I had a quick look at some documentation concerning the %files section of an RPM spec file (as I'm not in the habit of building RPMs):
http://www.rpm.org/max-rpm/s1-rpm-build-creating-spec-file.html
and didn't find anything mentioning setting file permissions. It looks like that's done via %defattr from what (little) I can tell:
https://stackoverflow.com/questions/6952384/what-the-defattr-means-in-rpm-spec-files
> Then again since RPM switched from open source to GPL along time ago I > find it odd Debian didn't adopt it, but as us Perl programmers > (differentiated from Perl scripters by the fact that we understand how > references work and why they exist) put it there are many ways to do It. > > I will say this it is a lot simpler when you get down to it than RPMS or > ebuilds (Gentoo/Portage), but simplicity for the sake of simplicity isn't > always your friend. :)
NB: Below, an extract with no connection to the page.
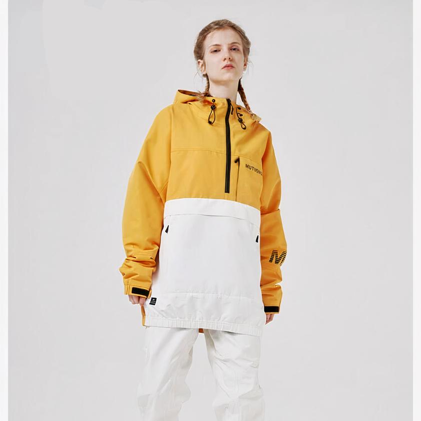 Met een stijlvolle snit en uitstekende bescherming tegen de elementen is deze gele dames ski-jas de perfecte aanvulling op uw wintergarderobe. Hij is gemaakt van waterdicht, ademend materiaal en biedt warmte en optimaal comfort, terwijl hij licht blijft voor maximale bewegingsvrijheid. Hij glijdt over het hoofd voor optimale bescherming tegen de wind.

Yes. Conceptually Debian packaging is simple, but... typically the packaging usually isn't. Most of the time Debian packaging is fun and useful work, but it's also common to run into something new that's a little more complicated than what one has seen before. I'll point out a few things I've run into lately.
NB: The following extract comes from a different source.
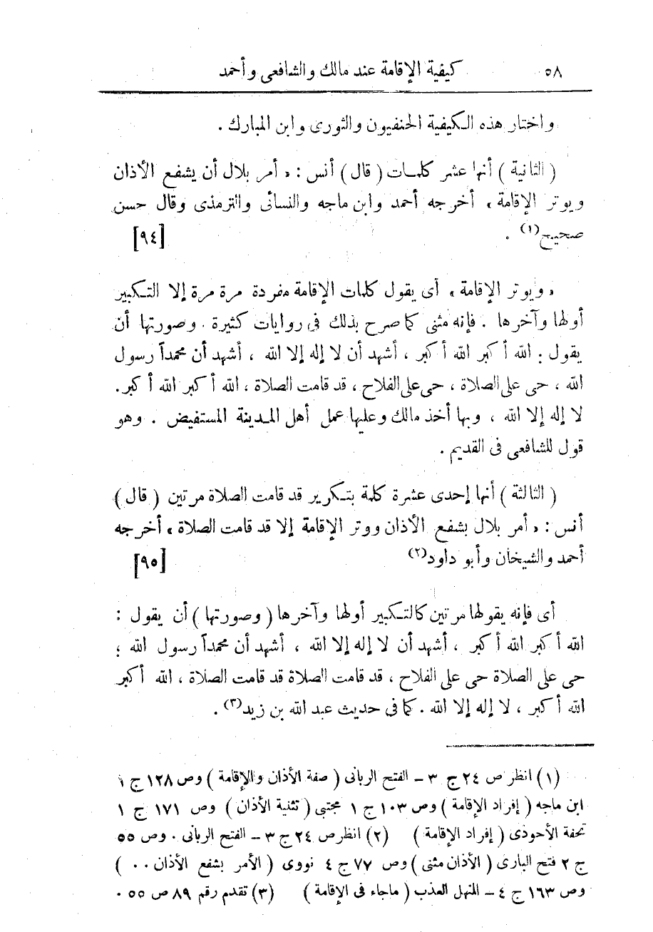 (¬2) انظر ص 24 ج 3 - الفتح الربانى. وص 55 ج 2 فتح البارى (الأذان مثنى) وص 77 ج 4 نووى (الأمر بشفع الأذان ... ) وص 163 ج 4 - المنهل العذب (ما جاء فى الإقامة).

- I recently updated the libssh package (not used by openssh) for myself which had some .symbols files that documented which upstream version # the various subroutines were added in, and the build would fail if these weren't updated for the change in the ABI. A quick web search came up with this which explains this:
https://www.debian.org/doc/manuals/maint-guide/advanced.en.html#librarysymbols
- I have a package I work on where I need to break out one of the binary packages into a Multiarch package to allow installing that binary package from a different architecture. Have a look at the spec -- I bet your eyes glaze over a few times.
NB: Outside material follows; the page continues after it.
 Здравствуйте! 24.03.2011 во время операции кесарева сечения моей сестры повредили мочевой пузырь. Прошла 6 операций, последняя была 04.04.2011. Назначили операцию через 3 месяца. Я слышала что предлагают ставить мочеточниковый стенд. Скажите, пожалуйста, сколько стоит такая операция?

https://wiki.ubuntu.com/MultiarchSpec
- And then there's systemd. Boy oh boy what a joy /that/ is packaging-wise. Grr! You know those files in /etc/default/ for settings and to disable starting a daemon by default? Well, systemd can't handle that by itself:
https://wiki.ubuntu.com/SystemdForUpstartUsers#A.2BAC8-etc.2BAC8-default_files_which_enable.2BAC8-disable_jobs
The "ExecStartPre=" thing the page mentions means starting a /shell script/ to check the variable, returning failure if the setting is "disabled", after which systemd considers the service to be in a "failed" state.
Debian Policy still requires that sysvinit scripts be shipped with a package, even though systemd is the default "init system". This is a good thing because it means the other traditional init systems will continue to work... but it leads to confusion where if the maintainer ships a systemd service file it means it'll have to be able to co-exist alongside the traditional init system file, leading to several types of confusion.
- Then there's the fun that systemd won't wait until the network is fully up before it starts daemons (in parallel with everything else at once):
https://wiki.freedesktop.org/www/Software/systemd/NetworkTarget/
and that gets into another whole /class/ of bugs. Same thing with upstart.